Six to ten selected organisations will get a grant of £100,000-£500,000, provided over a period of up to three years. Priority will be given to smaller organisations with turnover of less than £1m and to projects focused on the UK. Charities, CICs and not-for-profit and for-profit companies and enterprises with a clear social mission can all apply.

 

UK: £5.5m dormant assets boost to help social lender grow ten-fold – saving consumers £58m

Social lender Fair for You – which provides a nonprofit alternative to high-cost credit – is set to grow ten-fold thanks to an injection from Fair4All Finance.

The funds will allow Fair for You to help hundreds of thousands more families to buy essential household items at an affordable cost.

Fair for You has been awarded a £5m equity investment, to be drawn down over two years, plus a £500,000 grant as part of the Affordable Credit Providers Pilot Capacity Building and Scale-up programme, run by Fair4All Finance. The latter was set up last year and is funded by dormant assets.

The equity investment gives Fair for You a stronger balance sheet, allowing it to make 250,000 loans per year in five years’ time. This is expected to deliver at least £58m in cost savings to customers each year by avoiding high-cost, short-term credit. The grant will go towards product development and impact reporting, which is hoped to attract further social investment.

Angela Clements, founder and CEO of Fair for You, said: “With more than 11m people in the UK having less than £100 in savings, there are huge numbers of families who are just one unexpected bill or bit of bad luck away from a crisis… There is an urgent need for affordable credit – something exacerbated by the Covid-19 crisis which is threatening the finances of vulnerable families across the country.

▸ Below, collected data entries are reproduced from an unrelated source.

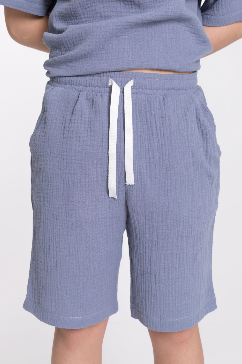 Шорты выполнены из однотонного муслина. По бокам размещены карманы, пояс с петлями и отделочным шнуром.
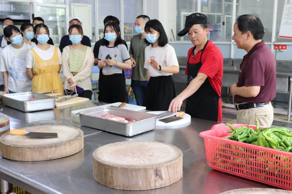 后勤餐饮部精心安排红案师傅现场教学,工作人员为学生们准备好了学做红案的食材和用具。餐饮服务部主任李波详细地向同学们讲解了进入后厨的各项注意事项,整个过程确保菜品卫生,在后厨时刻注意安全等。在清楚进厨房的安全要求后,同学们以小组为单位商量确定各自想要制作的菜肴,有序地跟着师傅依次进入后厨操作间切配。在“厨娘”的帮助下:同学们撕包菜,切肉等。最难切的是牛肉,牛肉肉质比猪肉粗略一些,刀和肉的纹理呈90度的垂直,切出来的肉片,纹路呈“井”字状。交通学院的女“厨师”黄攀刀法精妙,手法细腻,令人眼前一亮,吸引了大家的“眼球”,只见她切猪肉的时候顺着纹理,刀和肉保持在同一水平线上,飞快地把肉切成规则的小片。
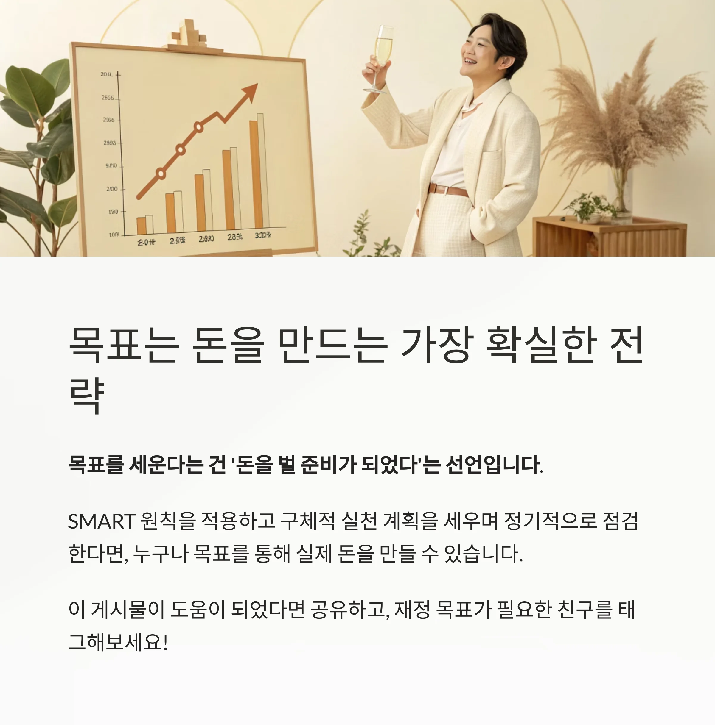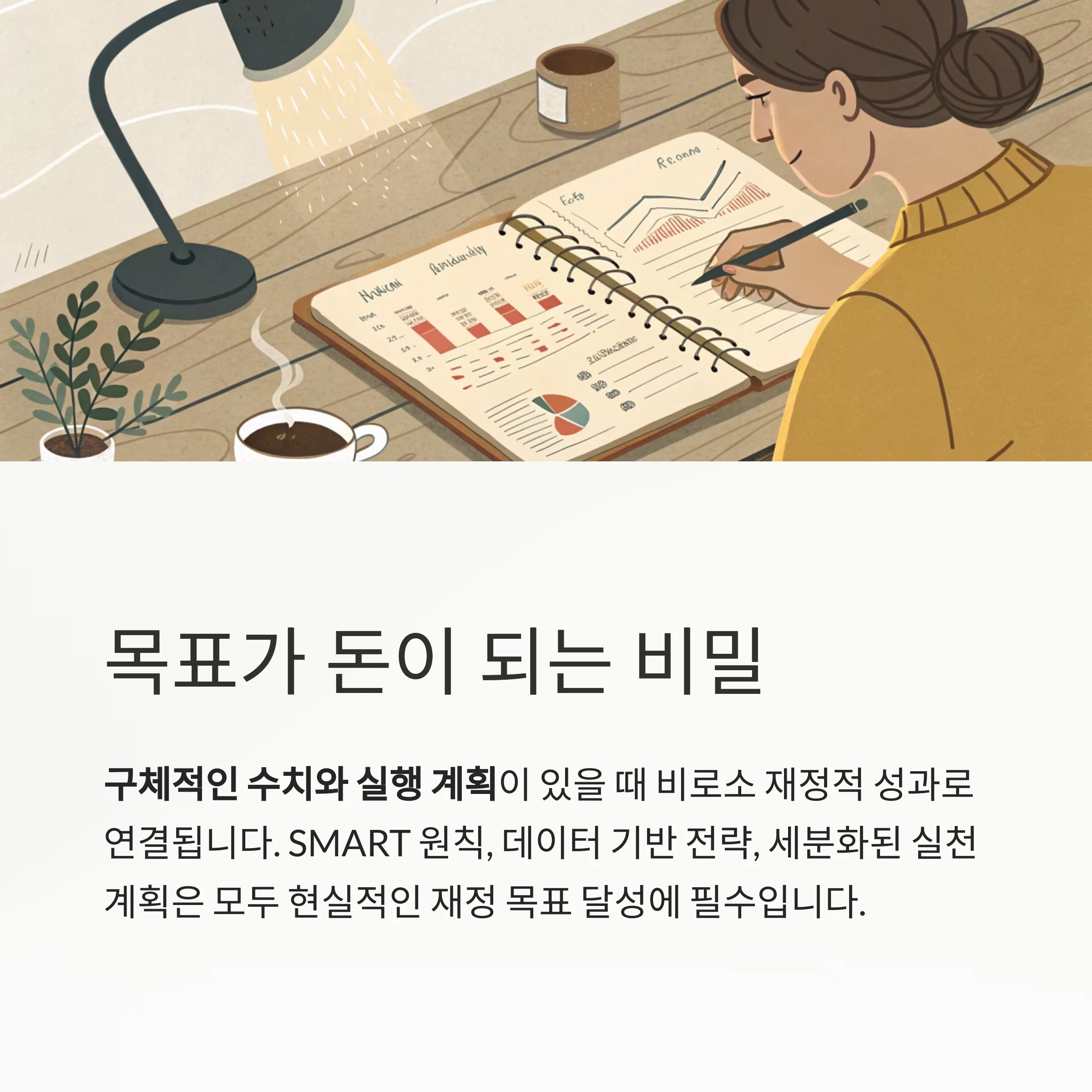 목표는 단순한 희망 사항이 아닙니다. 구체적인 수치와 실행 계획을 수반할 때 비로소 재정적 성과로 연결됩니다.

We’re delighted that the government has recognised this by putting money into Fair4All, and that Fair4All has acknowledged our success to date, and our future potential, with this investment.”

 

UK: Doctor-on-demand service secures £2m investment

SME investor IW Capital has completed a £2 million series A investment in GPDQ, a ‘doctor-on-demand’ service founded in 2015 that connects NHS doctors, nurses, pharmacists and other specialists with patients across the UK.

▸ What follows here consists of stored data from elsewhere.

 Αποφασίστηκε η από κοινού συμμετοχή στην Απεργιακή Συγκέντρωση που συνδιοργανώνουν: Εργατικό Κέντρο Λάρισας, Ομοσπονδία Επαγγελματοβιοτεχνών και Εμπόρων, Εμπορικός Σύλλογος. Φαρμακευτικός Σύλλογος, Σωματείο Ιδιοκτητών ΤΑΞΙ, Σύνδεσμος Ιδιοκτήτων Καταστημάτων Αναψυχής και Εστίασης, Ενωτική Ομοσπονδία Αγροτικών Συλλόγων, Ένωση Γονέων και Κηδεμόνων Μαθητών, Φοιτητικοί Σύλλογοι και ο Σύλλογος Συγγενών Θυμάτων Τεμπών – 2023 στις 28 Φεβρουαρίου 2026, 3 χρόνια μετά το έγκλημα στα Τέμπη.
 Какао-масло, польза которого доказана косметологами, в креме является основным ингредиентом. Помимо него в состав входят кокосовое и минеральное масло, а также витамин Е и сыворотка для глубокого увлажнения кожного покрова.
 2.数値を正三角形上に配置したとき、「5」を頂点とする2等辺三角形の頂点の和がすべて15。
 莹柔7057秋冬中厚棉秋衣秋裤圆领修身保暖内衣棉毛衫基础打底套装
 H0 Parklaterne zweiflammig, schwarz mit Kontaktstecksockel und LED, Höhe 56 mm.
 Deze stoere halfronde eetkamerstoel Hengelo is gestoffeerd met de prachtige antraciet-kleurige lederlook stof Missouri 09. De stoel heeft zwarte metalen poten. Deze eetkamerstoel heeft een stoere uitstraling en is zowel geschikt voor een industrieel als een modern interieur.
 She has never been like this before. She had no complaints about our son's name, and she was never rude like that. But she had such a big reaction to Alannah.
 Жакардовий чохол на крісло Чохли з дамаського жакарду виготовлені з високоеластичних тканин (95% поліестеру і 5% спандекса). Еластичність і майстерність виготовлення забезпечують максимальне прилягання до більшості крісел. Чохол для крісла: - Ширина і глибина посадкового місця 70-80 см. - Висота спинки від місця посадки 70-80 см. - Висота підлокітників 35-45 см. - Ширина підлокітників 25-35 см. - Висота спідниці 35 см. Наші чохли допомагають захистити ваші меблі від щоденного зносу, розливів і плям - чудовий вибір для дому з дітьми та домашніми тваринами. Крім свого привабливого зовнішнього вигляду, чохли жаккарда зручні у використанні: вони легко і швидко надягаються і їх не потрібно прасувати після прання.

London-based impact investment bank ClearlySo provided investor introductions to GPDQ, including to IW Capital.

ClearlySo was also involved in the raise of $10m (from Nesta Impact Investments, Guinness Asset Management and clients of Stonehage Fleming and ClearlySo) for BibliU, a digital learning platform for US and UK students; and in an £800,000 raise for Zaigo, an energy tech platform.
 

Kenya: Food delivery company Twiga gets $5m from US to improve food security

Twiga Foods in Kenya has received the first disbursement of a $5m loan from the US International Development Finance Corporation.

Twiga buys fresh produce from 17,000 farmers and processed food from manufacturers and then delivers it to 8,000 vendors. The DFC loan will help it to secure additional trucks and delivery vans as well as cold-storage equipment to move more food to market.

The investment comes as the UN's World Food Programme has warned of a potentially devastating effect in east Africa of the Covid-19 pandemic. Food insecurity could more than double in just three months, according to reports. Kenya and other countries in the region are also facing a damaging desert locust invasion.  

Twiga previously raised $24m to digitise food distribution, in a Series B equity round led by Goldman Sachs, with an additional $6m in debt from OPIC and Alpha Mundi.